Social networking sites have been springing up everywhere like ATM’s did a few years earlier. Initially viewed with skepticism, then with wonder, and finally everyone asks “How did we do without them?”. So now we have Orkut, Facebook, and just a few million more.
I’ve joined Orkut. Made new friends. Regained contact with old ones. Maintained contact with existing ones.
So, instead of dissecting how and why orkut was made (see wikipedia) [read there only if you wish to accumulate trivia & impress (or drive away) your friends], I will discuss certain features provided.

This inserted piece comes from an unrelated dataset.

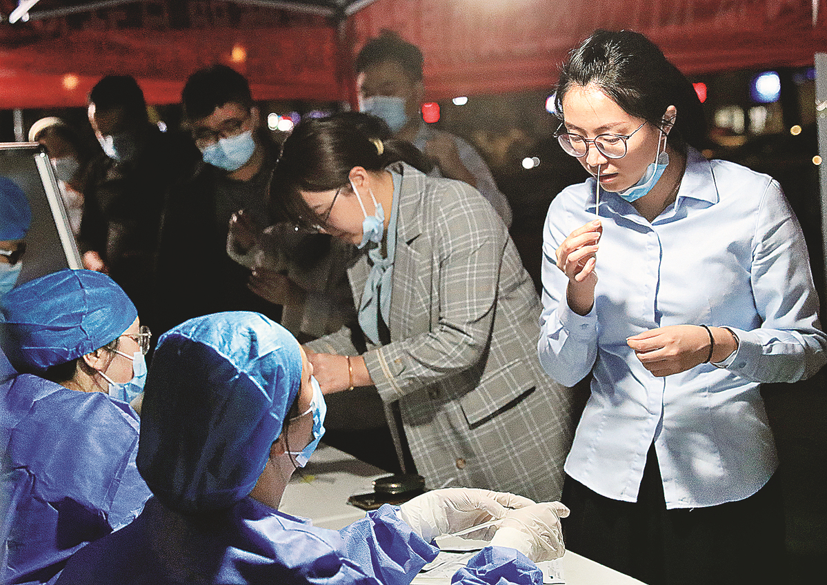 A resident of Hangzhou, Zhejiang province, takes a free COVID-19 antigen self-test in Hangzhou, Zhejiang province, on Tuesday. [ZHANG XIANGRONG/FOR CHINA DAILY]

Connected with google accounts / GTalk
This little feature was added as Google is the owner of Orkut, and what better way to increase the number of users (and further your plans of world domination) than by adding a social networking site to your portfolio?
Messages
Irritating little things that show an icon on your homepage to act as an in-built orkut e-mail. Essentially worthless and inadequate as it is much easier to use GMail to send emails to friends.
Scraps
One of the most stupid and slowest IM-substitutes. The scrapping mechanism works as follows:
- Choose whose scrapbook you want to defile with your scrap.
- Go to his (or her)… (or it’s) profile and click scrapbook.
- Write derogatory and/or accusatory statements in the reply text-box and click post.
Then, the person at the other end will recieve your scrap. Read it. Grow angry. And Reply. Of course, as it is not exactly live chat where you can keep asking a person “Why don’t you reply?” (until he/she/it replies out of sheer frustration or has a brain aneurism and dies in which case you don’t recieve any reply), the person can eat/sleep/bathe/go mad/kill 34,678.8 people and then reply.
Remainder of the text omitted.